Seshat is frequently described as one who records history through the use of numbers, measurements, arithmetic, counting, and noting dates and time periods.
This is especially connected to keeping track of a pharaoh's successes, triumphs, years of rein, and jubilees, including the Sed Festival which was a 30-year jubilee. She was, in later eras, also tasked with recording the pharaoh's military campaigns. Pharaohs thought it was fortunate if she recorded their deeds and all of them, in death, wanted her to inscribe them on the Tree of Life.
In The Gods of The Egyptians, E. A. Wallis Budge describes different images of Seshat in which she is taking historical notes in the form of numbers. "Elsewhere, we see her without her panther-skin garment, holding a writing reed in the right hand, and the cartouche symbolic of her name in her left," he writes. "In this form, she suggests the idea of being a kind of recording angel, not so much, the deeds committed by man, but of their names, of which she, presumably, took note, so that her associate Thoth might declare them before Osiris."

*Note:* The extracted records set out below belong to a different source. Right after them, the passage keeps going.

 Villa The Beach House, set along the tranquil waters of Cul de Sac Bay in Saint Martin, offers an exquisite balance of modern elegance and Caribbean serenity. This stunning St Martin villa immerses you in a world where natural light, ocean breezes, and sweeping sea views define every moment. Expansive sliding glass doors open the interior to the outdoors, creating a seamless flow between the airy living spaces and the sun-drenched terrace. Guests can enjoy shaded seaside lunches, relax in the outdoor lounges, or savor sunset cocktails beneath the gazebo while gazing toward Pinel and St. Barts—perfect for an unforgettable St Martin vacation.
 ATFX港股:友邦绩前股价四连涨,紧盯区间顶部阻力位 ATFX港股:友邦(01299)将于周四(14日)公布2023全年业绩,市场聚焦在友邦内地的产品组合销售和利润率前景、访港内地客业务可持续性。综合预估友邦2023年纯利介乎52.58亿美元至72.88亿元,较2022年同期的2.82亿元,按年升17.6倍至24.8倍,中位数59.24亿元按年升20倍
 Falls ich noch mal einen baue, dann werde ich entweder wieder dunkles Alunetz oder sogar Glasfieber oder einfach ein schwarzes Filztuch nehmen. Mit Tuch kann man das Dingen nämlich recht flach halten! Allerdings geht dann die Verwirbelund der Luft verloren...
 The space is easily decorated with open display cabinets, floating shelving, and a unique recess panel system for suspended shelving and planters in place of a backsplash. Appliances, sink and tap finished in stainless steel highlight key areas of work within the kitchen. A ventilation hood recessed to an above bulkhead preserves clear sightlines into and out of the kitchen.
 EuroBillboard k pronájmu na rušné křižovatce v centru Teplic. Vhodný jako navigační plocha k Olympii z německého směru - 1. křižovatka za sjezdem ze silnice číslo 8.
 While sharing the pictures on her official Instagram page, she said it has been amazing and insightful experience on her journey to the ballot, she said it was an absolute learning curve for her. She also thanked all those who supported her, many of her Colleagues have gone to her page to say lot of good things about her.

In a title that accompanies the image, he says she is called, "great one, lady of letters, mistress of the House of books." But in another scene, "she holds a notched palm branch in her hand, and she appears to be counting the notches." The lower end of the branch rests on the back of a frog, seated upon the emblem of the ankh and another part of the image shows the symbol for the double Sed festival, which indicates she counting up and recording history related to the pharoah.
"Seshat appears in the character of the chronographer and the chronologist; the use of the notched palm branch is a symbol of the counting of years," Budge writes. This is a custom that probably goes back to pre-dynastic times.

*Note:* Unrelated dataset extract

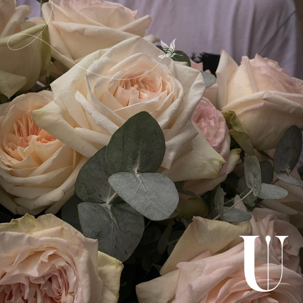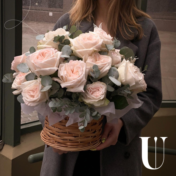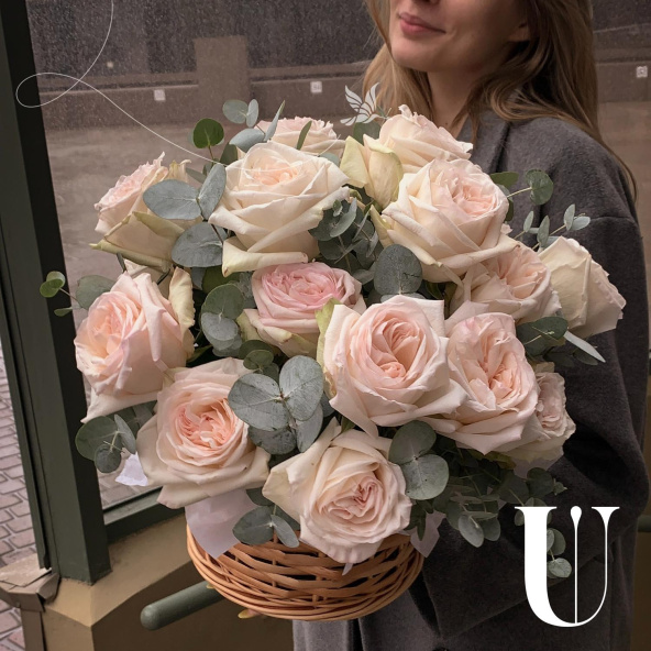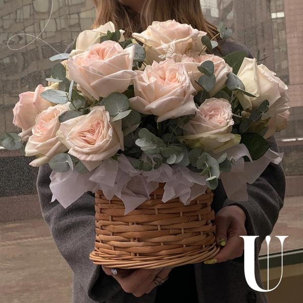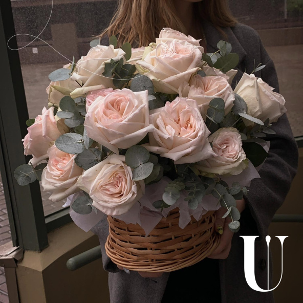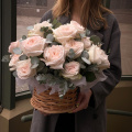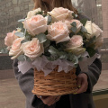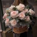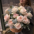 Большая корзина из Пинк Мондиаль, белых роз, кремовых диантусов и других цветов в корзине
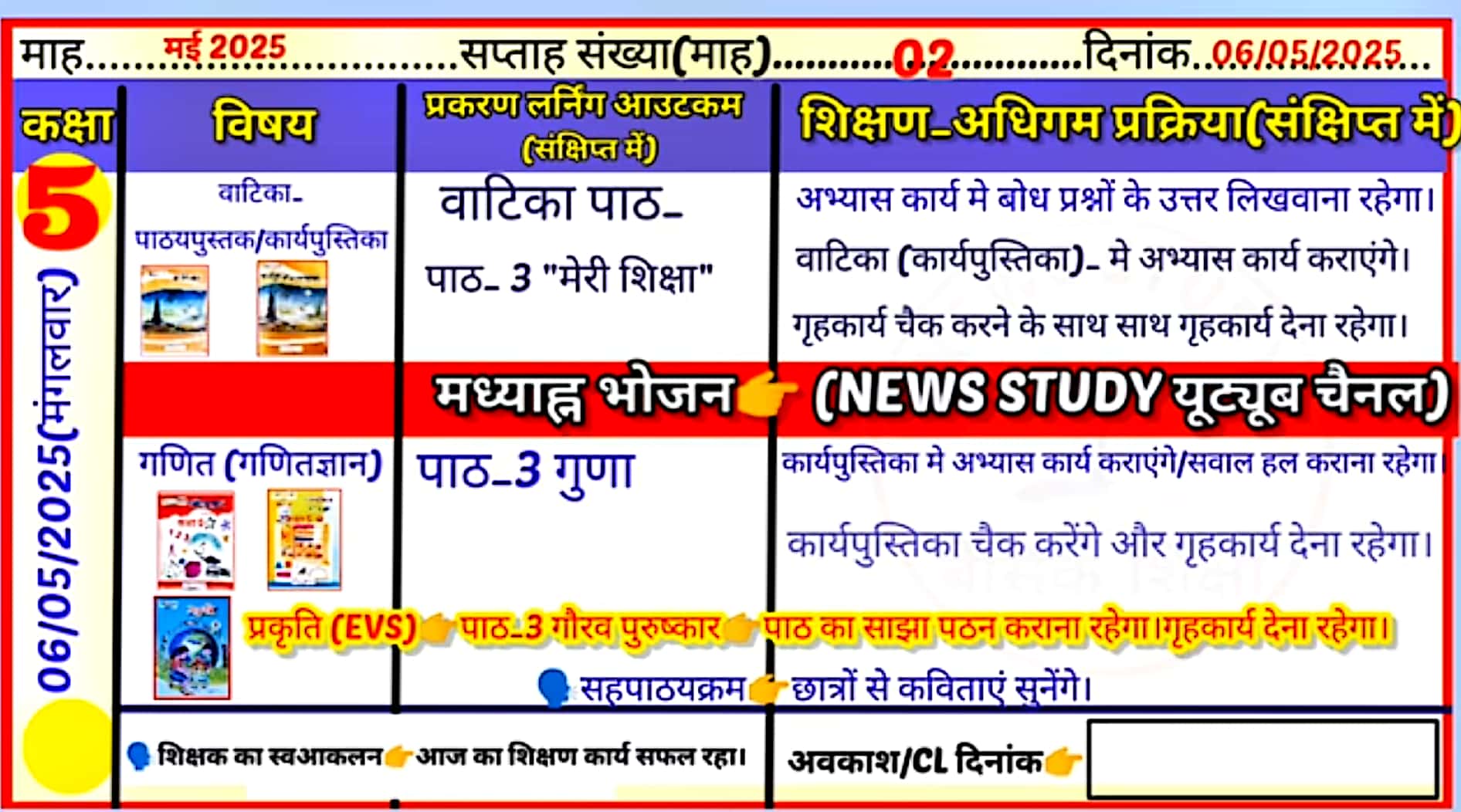 Teacher diary: दिनांक 06,07 मई , 2025 कक्षा- 01, 02, 03, 04, 05 की भरी हुई शिक्षक डायरी , देखें

Budge describes another image in which a column of hieroglyphics spells out "life," and "power," and "30 your festival." There is a seated figure with an Ankh in each hand. Seshat is writing "life," and "millions of years." There is a passage in which she declares to a king that she has inscribed him on her register. She notes half a period of life which shall be "hundreds of thousands of 30-year periods," and that she has ordained that his years shall be upon the Earth and that he shall live forever.